As the cobwebs are cleared away and we face a full week of pumpkin soup, the Horror & Ghost Stories category has grown by nearly £900,000 thus far in 2024, with a 23% rise in volume according to data from Nielsen Bookscan’s Total Consumer Market. And this is coming off a strong 2023 in which the category hit an all-time full-year TCM high of £7.6m.  

With seven Stephen King titles inside the category’s top 20, it’s tempting to assume that the American powerhouse is responsible for the bulk of that increase, but in fact, it’s the opposite, with King’s Horror & Ghost Stories sales dropping 11.8% year-on-year.

King fans needn’t worry about this, though: one in five of all books sold in the category can be attributed to the “Master of Horror”—plus, his 2024 release You Like It Darker has been filed under the Short Stories & Fiction Anthologies category. The short story collection has delivered around £200,000 this year, more than 2023’s Holly in the period we’re looking at—and Hodder’s “Ultimate Storyteller” has seen his backlist grow 20.2% over the same period.

Excluding King, the category is up over £1m—30.9% in total—in the 42 weeks to 19th October. The biggest property in the category after King is The British Library’s Tales of the Weird series which sees a revival of a classic novel or short-story collection each month. In 2024 to date, this series has delivered £308,000—up 74.8% against the series’ 2023 performance.

Another classic tale is perhaps the surprise of 2024, as William Peter Blatty’s 1971-published The Exorcist jumped into second place in the category’s bestseller list

If we combined author and series performance in one league table, the British Library would nab the second slot overall from American author Grady Hendrix who drops into fourth place with a sales decline of 26.9%—though only a volume decline of 14.9% as Hendrix annualises his 2023 hardback release of How to Sell a Haunted House with the paperback edition.

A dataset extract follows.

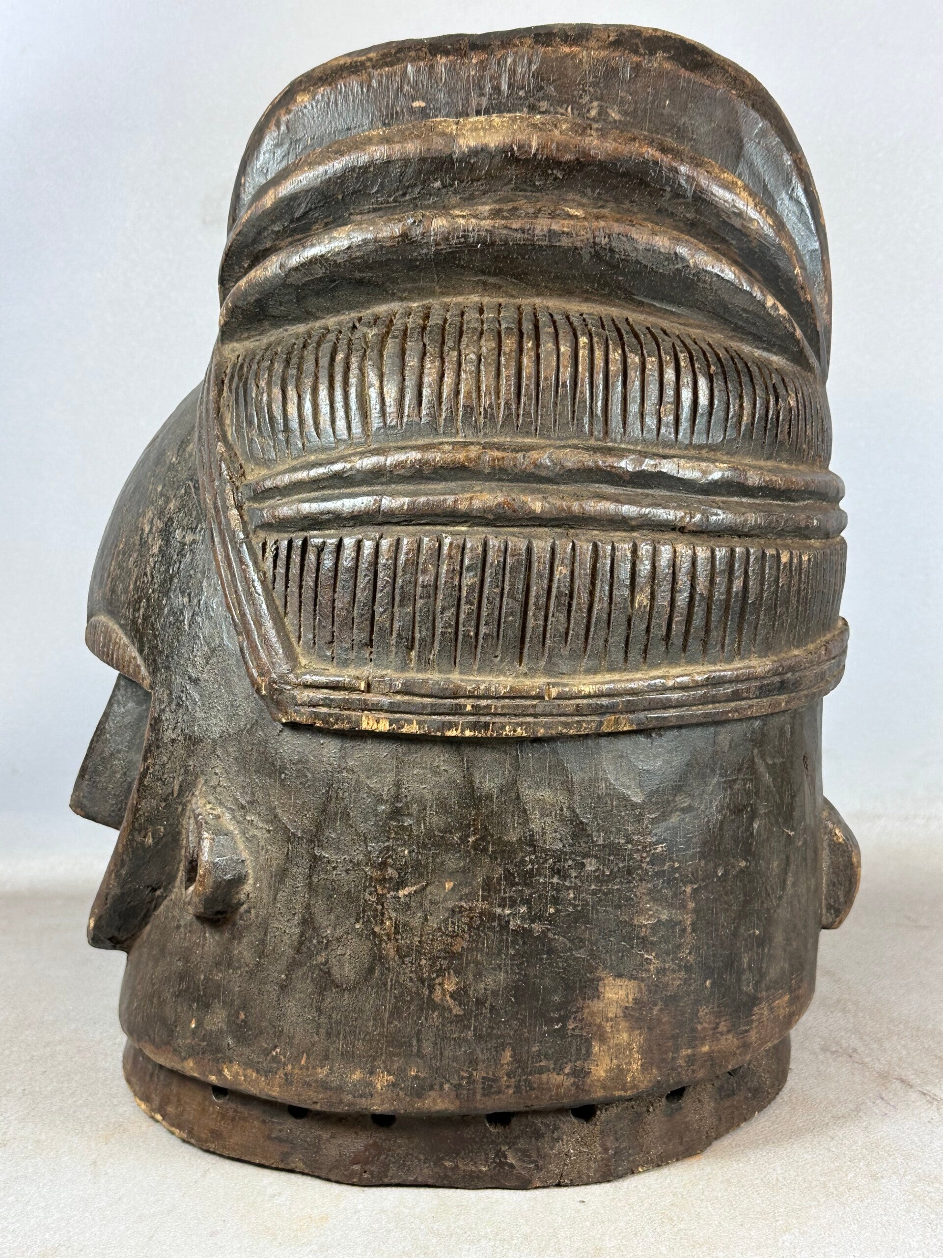 Old African Mende Sowei Sande Society Mask from Sierra Leone.

Hendrix’s value decline of £49,200 is partly made up for by Bram Stoker who has 29 different editions of Dracula appearing in the category’s Top 5,000. It’s the Penguin Classic, Macmillan Collectors Library and Wordsworth Editions versions that come out on top, though delivering 90% of all sales and an extra £5,000 for the author versus last year. Sales are up across the board though, with an extra £28,000 stake in total
for Stoker.

C J Tudor’s The Gathering—first released in hardback in April, then in paperback in late September—takes two positions in the overall top 20 and rockets the British author into fifth place. Tudor delivers an extra £110,000 this year, but like King before her, this is in part thanks to an administrative difference with 2023’s The Drift coded for the Crime & Thriller category.

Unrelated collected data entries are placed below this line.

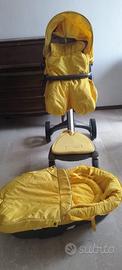 Stokke Trio Xplory: Navetta,Ovetto e Passeggino con accessori. Si può cambiare il colore tra rosso e giallo in quanto munito di doppio rivestimento. Il Trio è datato ma in discrete condizioni Ritiro in loco a Tortona no spedizione
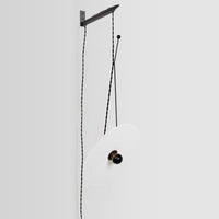 The ingenious suspension system ensures that the light source can be turned towards any side. That light source is an E27 mirror lamp that was designed in black to create the most beautiful reflection on the surrounding porcelain circle.
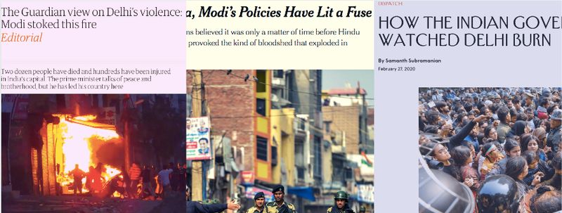 In London, The Guardian ran an article titled “Modi stoked this fire”. The Times (of London), reported that “Hindu mobs threaten to purge Delhi of Muslims”.

Last year’s fifth-placed author, Susan Hill, drops to seventh, but maintains a stable value performance with just an extra £500 going through the tills this year. Hill’s evergreen 1983-published gothic horror, The Woman in Black, reflects this stability by taking fourth position in the top 20, the same slot it occupied last year.

Another classic tale is perhaps the surprise of 2024, as William Peter Blatty’s 1971-published The Exorcist jumped into second place in the category’s bestseller list and delivering an extra £70,000 for the author. The novel has been helped by BookTok and a publicity push centred on the 50th anniversary of the famous film adaptation’s UK release.  Similarly, Anne Rice has experienced a £41,000 increase this year thanks to the TV adaptation of Interview with a Vampire which has now aired two seasons in the UK since October 2023. 

The final two authors making up the top 10 in 2024 are Christina Henry and T Kingfisher, both of whom are significantly up—Henry brings an extra £60,000 this year, largely thanks to The House that Horror Built, while Kingfisher’s list has grown £11,000.

The top 10 authors/brands are responsible for two fifths of the categories sales, and between them deliver around £280,000 of the benefit the category has seen when compared to last year. This means that an additional £611,000 has been generated by authors outside that list, suggesting that perhaps after all, backlist is the true king. 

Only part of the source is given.